* Task description: Find the line below with "Базовая станция гарнитуры" and the line with "おすすめは日没後で、まだ空に". Output them and the lines between, exactly, but not the pictures.

* Excerpted records:
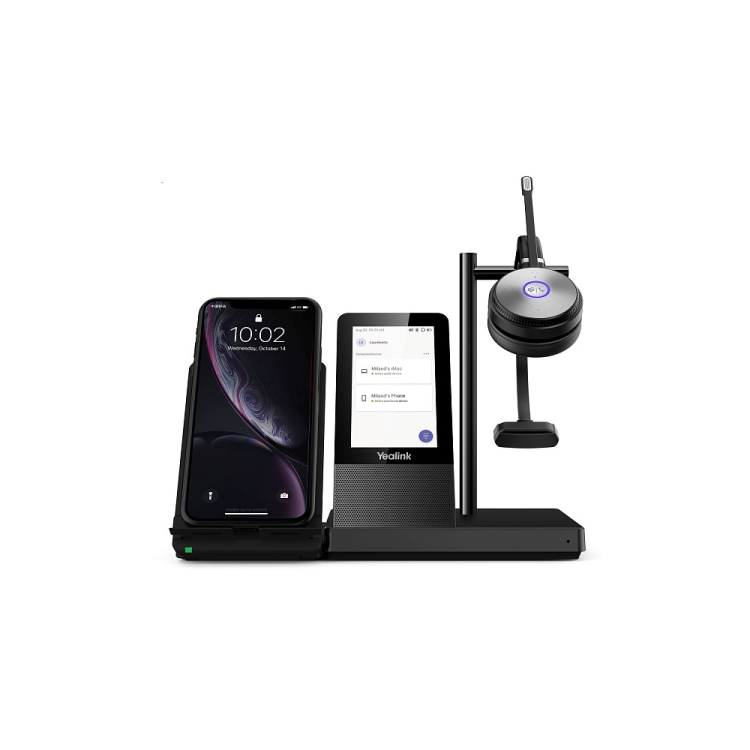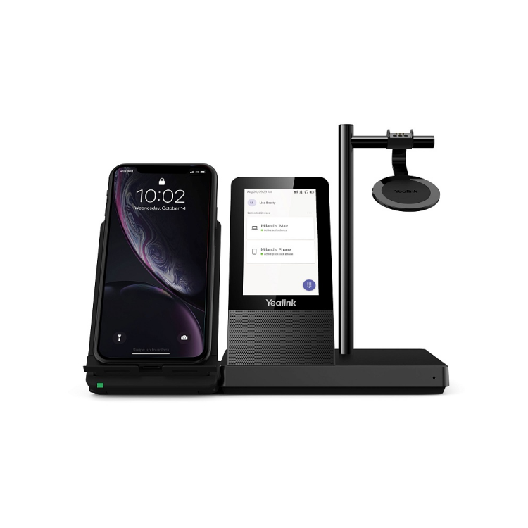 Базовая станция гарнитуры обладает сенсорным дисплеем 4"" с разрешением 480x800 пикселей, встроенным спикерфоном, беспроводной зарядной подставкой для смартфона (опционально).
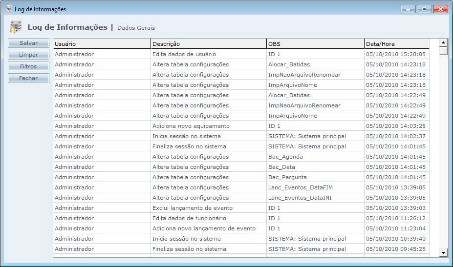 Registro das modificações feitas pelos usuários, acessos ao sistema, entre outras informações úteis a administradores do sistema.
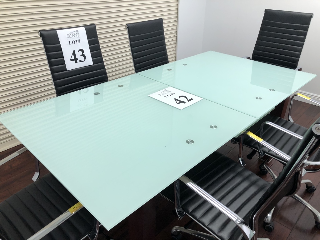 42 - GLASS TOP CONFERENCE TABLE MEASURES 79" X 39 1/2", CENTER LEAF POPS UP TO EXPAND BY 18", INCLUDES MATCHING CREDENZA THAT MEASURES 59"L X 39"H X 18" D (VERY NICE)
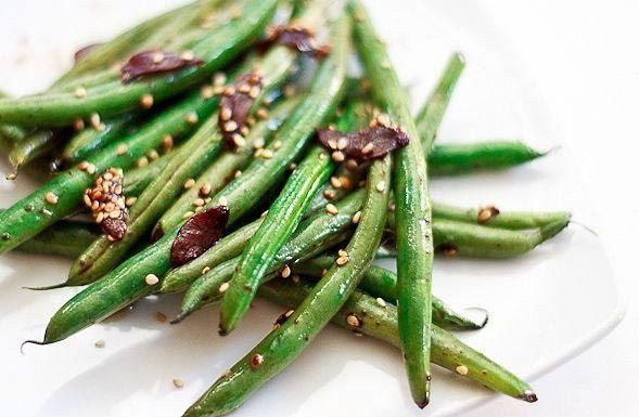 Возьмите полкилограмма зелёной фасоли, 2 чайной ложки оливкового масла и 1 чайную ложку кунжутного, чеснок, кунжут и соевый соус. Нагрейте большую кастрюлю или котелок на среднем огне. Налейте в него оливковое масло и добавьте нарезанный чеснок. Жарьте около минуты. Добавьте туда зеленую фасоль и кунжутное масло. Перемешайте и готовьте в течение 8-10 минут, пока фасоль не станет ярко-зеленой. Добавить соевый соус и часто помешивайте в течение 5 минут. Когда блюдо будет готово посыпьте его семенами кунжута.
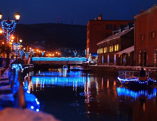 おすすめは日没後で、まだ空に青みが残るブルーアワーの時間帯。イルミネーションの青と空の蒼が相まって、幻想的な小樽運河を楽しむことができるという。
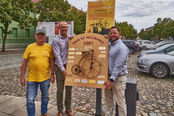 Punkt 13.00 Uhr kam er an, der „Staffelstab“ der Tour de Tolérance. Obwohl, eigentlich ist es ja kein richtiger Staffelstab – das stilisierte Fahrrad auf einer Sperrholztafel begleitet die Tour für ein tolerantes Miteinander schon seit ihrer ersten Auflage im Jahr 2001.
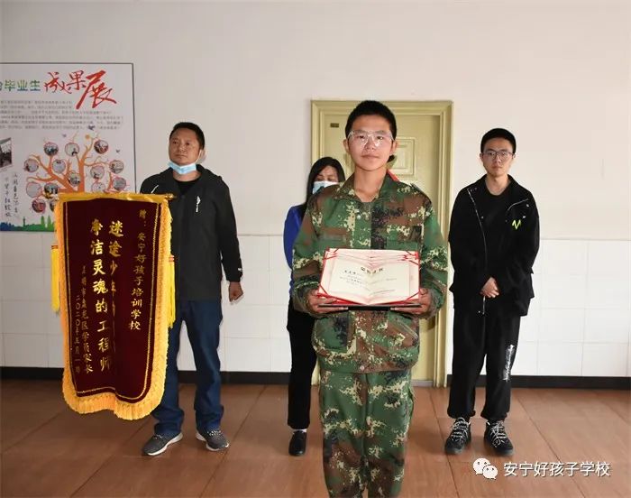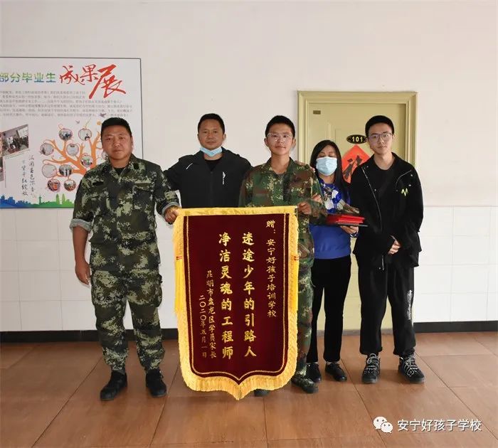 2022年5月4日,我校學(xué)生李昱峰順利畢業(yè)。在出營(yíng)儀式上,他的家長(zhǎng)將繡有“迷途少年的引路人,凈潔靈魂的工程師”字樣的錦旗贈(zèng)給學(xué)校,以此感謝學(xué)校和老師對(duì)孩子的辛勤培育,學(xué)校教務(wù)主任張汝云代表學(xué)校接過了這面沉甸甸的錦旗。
==
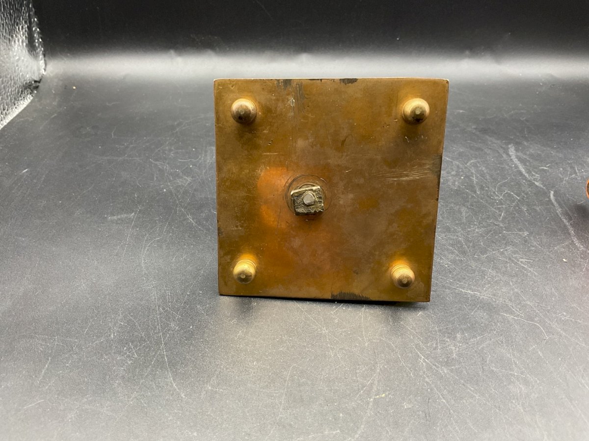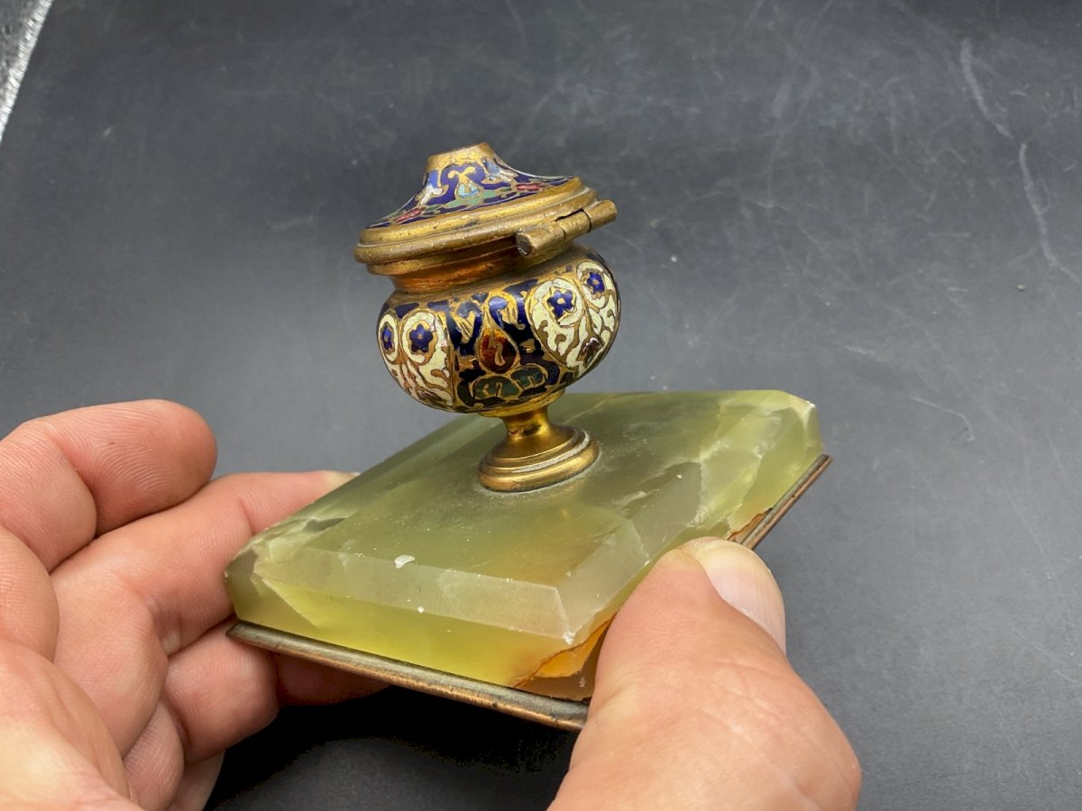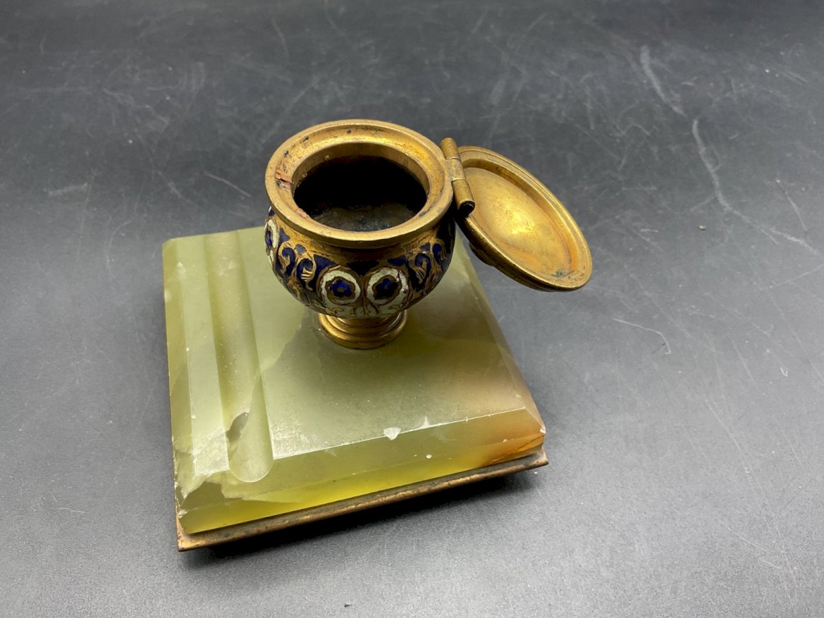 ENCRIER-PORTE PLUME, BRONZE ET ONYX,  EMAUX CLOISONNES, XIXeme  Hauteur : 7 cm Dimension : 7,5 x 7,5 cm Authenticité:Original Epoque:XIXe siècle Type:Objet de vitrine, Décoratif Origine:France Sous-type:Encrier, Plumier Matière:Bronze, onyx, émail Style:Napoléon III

* Exercise solution:
 Базовая станция гарнитуры обладает сенсорным дисплеем 4"" с разрешением 480x800 пикселей, встроенным спикерфоном, беспроводной зарядной подставкой для смартфона (опционально).
 Registro das modificações feitas pelos usuários, acessos ao sistema, entre outras informações úteis a administradores do sistema.
 42 - GLASS TOP CONFERENCE TABLE MEASURES 79" X 39 1/2", CENTER LEAF POPS UP TO EXPAND BY 18", INCLUDES MATCHING CREDENZA THAT MEASURES 59"L X 39"H X 18" D (VERY NICE)
 Возьмите полкилограмма зелёной фасоли, 2 чайной ложки оливкового масла и 1 чайную ложку кунжутного, чеснок, кунжут и соевый соус. Нагрейте большую кастрюлю или котелок на среднем огне. Налейте в него оливковое масло и добавьте нарезанный чеснок. Жарьте около минуты. Добавьте туда зеленую фасоль и кунжутное масло. Перемешайте и готовьте в течение 8-10 минут, пока фасоль не станет ярко-зеленой. Добавить соевый соус и часто помешивайте в течение 5 минут. Когда блюдо будет готово посыпьте его семенами кунжута.
 おすすめは日没後で、まだ空に青みが残るブルーアワーの時間帯。イルミネーションの青と空の蒼が相まって、幻想的な小樽運河を楽しむことができるという。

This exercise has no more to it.